● **Task details**: Among the entries that follow, the required portion opens with the line containing "Bus advertising is" and closes with the line containing "Tüketici fiyatları bazında". Give that portion again exactly, and nothing else.

● **Provided data**:
○ ○ ○

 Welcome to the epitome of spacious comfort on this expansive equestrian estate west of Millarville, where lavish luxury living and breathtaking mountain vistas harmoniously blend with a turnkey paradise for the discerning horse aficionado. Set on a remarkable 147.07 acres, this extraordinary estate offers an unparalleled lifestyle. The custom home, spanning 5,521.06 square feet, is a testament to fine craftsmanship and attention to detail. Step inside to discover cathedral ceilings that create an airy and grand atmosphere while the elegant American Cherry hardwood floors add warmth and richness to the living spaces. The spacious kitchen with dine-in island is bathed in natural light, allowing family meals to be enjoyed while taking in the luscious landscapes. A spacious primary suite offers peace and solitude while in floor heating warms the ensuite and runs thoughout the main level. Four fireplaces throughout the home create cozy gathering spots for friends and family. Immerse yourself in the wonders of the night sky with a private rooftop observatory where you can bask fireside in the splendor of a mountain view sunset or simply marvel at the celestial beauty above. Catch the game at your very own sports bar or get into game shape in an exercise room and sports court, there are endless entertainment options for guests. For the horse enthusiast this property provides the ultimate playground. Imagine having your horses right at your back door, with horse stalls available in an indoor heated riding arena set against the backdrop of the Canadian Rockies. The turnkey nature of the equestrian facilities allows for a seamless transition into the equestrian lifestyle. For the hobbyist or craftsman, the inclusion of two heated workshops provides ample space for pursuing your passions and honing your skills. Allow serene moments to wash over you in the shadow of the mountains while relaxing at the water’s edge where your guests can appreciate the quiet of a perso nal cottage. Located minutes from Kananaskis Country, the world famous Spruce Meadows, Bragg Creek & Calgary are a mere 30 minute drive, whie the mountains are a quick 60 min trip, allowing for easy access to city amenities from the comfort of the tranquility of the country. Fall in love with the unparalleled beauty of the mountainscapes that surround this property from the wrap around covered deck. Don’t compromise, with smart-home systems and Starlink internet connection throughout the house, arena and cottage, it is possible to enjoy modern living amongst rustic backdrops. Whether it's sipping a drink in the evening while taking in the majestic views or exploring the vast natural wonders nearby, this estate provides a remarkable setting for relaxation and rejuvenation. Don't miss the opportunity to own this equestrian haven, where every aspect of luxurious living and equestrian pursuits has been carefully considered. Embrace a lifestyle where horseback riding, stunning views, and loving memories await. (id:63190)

○ ○ ○

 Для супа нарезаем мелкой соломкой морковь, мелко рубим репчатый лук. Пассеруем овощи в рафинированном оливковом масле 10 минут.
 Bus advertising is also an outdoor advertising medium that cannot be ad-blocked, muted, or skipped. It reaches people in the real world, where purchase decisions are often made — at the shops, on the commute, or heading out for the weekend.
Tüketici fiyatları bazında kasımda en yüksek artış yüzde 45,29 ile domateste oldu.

○ ○ ○

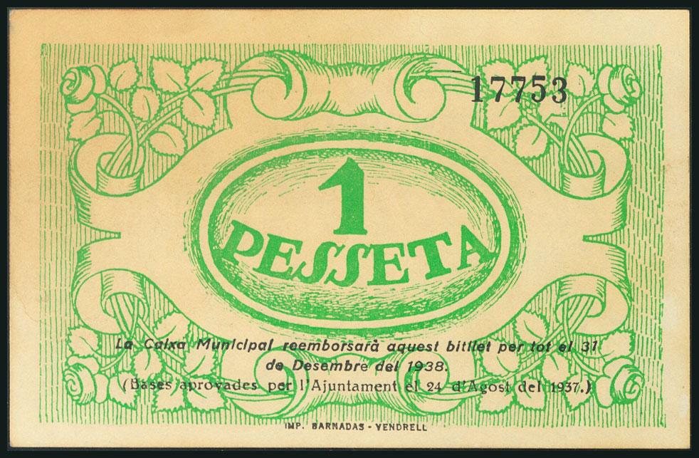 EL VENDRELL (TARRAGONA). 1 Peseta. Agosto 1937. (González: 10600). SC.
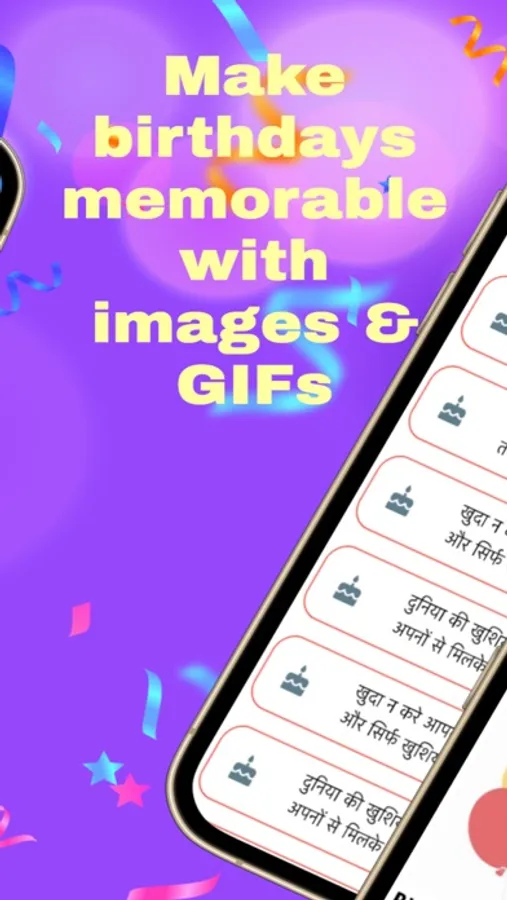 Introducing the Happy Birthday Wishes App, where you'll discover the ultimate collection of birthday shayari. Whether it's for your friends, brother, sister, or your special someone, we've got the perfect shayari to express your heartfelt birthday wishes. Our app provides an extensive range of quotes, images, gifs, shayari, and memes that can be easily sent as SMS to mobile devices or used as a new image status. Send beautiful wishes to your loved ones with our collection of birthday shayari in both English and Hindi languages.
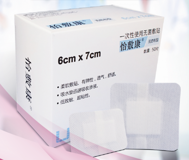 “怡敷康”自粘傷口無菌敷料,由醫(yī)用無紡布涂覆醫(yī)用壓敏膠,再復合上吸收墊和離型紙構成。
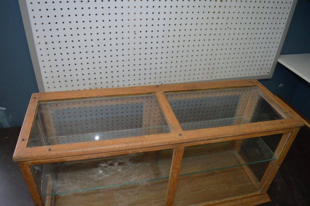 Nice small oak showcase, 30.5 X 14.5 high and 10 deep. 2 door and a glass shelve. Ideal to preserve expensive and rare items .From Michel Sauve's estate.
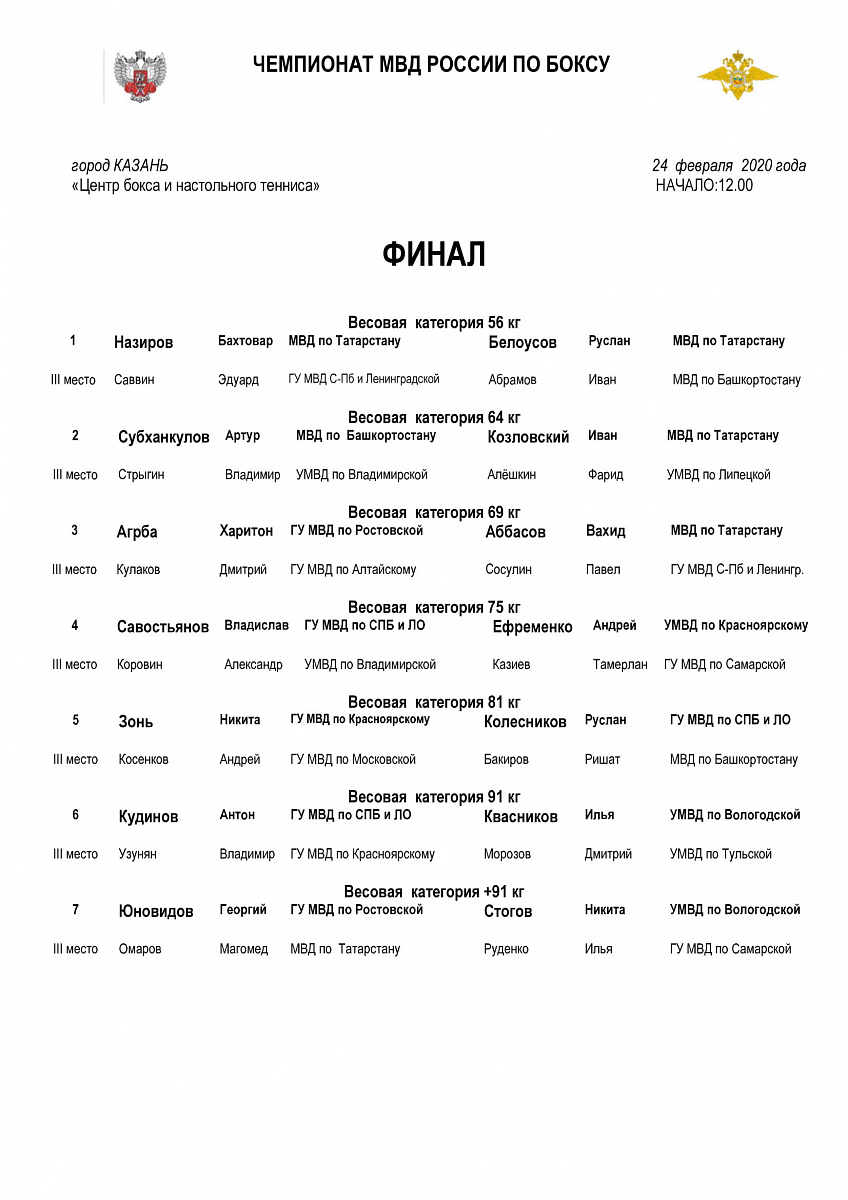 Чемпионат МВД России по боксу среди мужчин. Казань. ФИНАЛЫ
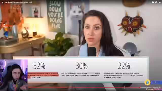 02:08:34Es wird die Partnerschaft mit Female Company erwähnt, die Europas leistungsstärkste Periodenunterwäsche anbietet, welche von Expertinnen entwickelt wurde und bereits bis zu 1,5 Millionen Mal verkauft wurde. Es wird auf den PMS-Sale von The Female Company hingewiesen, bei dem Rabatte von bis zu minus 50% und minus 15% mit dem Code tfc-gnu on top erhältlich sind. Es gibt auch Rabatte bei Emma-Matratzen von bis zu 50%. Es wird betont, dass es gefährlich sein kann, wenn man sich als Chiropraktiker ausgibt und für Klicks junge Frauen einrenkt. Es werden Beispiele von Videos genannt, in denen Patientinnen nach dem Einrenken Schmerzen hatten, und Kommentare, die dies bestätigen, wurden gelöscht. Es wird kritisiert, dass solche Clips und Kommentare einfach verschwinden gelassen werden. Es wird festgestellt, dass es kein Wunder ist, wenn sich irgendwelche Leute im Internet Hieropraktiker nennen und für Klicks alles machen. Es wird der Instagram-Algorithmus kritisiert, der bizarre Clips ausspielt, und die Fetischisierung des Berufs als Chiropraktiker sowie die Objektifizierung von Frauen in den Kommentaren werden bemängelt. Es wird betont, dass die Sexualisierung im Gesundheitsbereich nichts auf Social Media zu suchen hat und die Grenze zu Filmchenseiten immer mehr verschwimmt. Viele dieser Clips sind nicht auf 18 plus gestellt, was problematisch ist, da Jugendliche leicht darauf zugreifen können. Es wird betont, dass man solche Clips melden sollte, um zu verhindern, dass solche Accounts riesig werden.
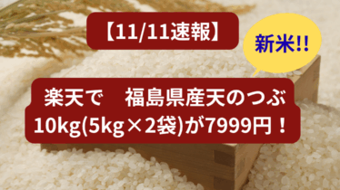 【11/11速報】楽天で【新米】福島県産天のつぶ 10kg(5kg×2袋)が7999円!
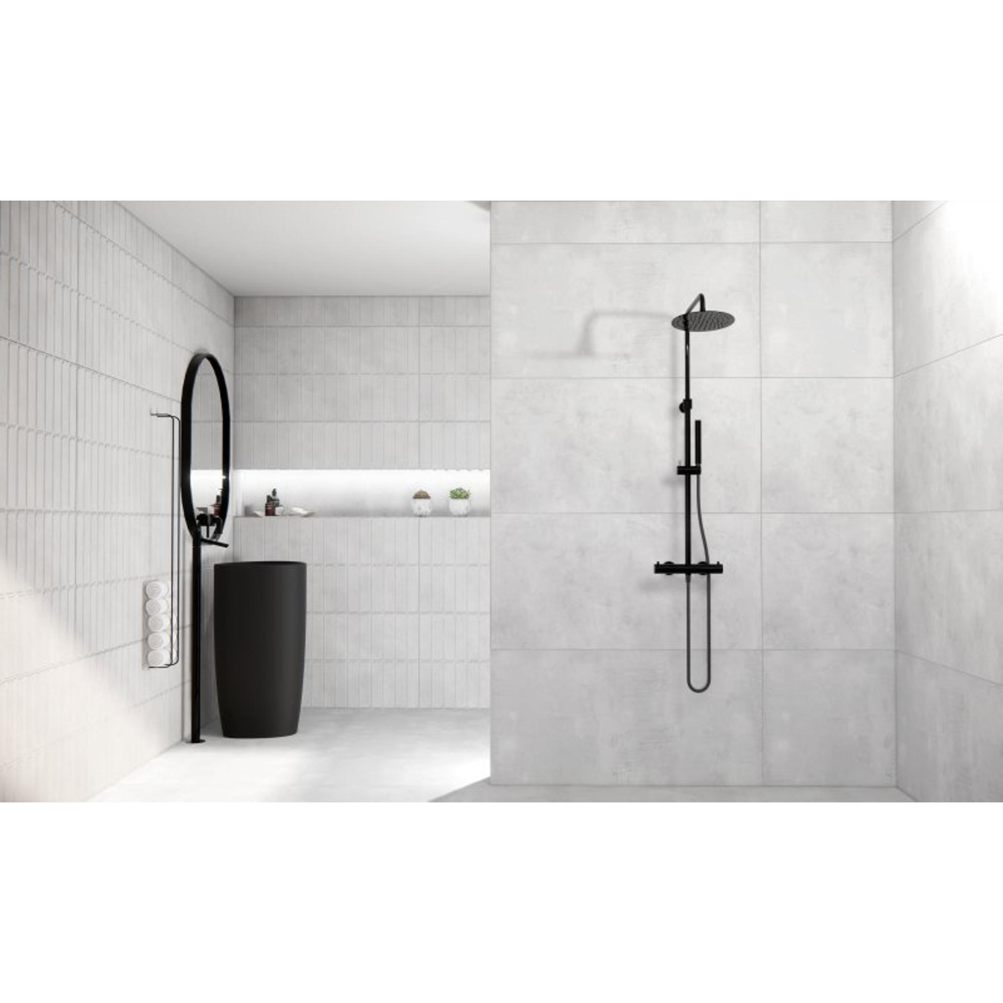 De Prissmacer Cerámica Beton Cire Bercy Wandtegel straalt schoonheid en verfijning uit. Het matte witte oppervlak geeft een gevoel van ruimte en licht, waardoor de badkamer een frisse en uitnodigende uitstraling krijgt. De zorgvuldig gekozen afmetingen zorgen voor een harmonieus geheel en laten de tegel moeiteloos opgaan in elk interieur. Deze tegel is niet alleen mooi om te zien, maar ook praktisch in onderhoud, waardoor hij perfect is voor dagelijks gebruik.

○ ○ ○

● **Response to the exercise**:
 Bus advertising is also an outdoor advertising medium that cannot be ad-blocked, muted, or skipped. It reaches people in the real world, where purchase decisions are often made — at the shops, on the commute, or heading out for the weekend.
Tüketici fiyatları bazında kasımda en yüksek artış yüzde 45,29 ile domateste oldu.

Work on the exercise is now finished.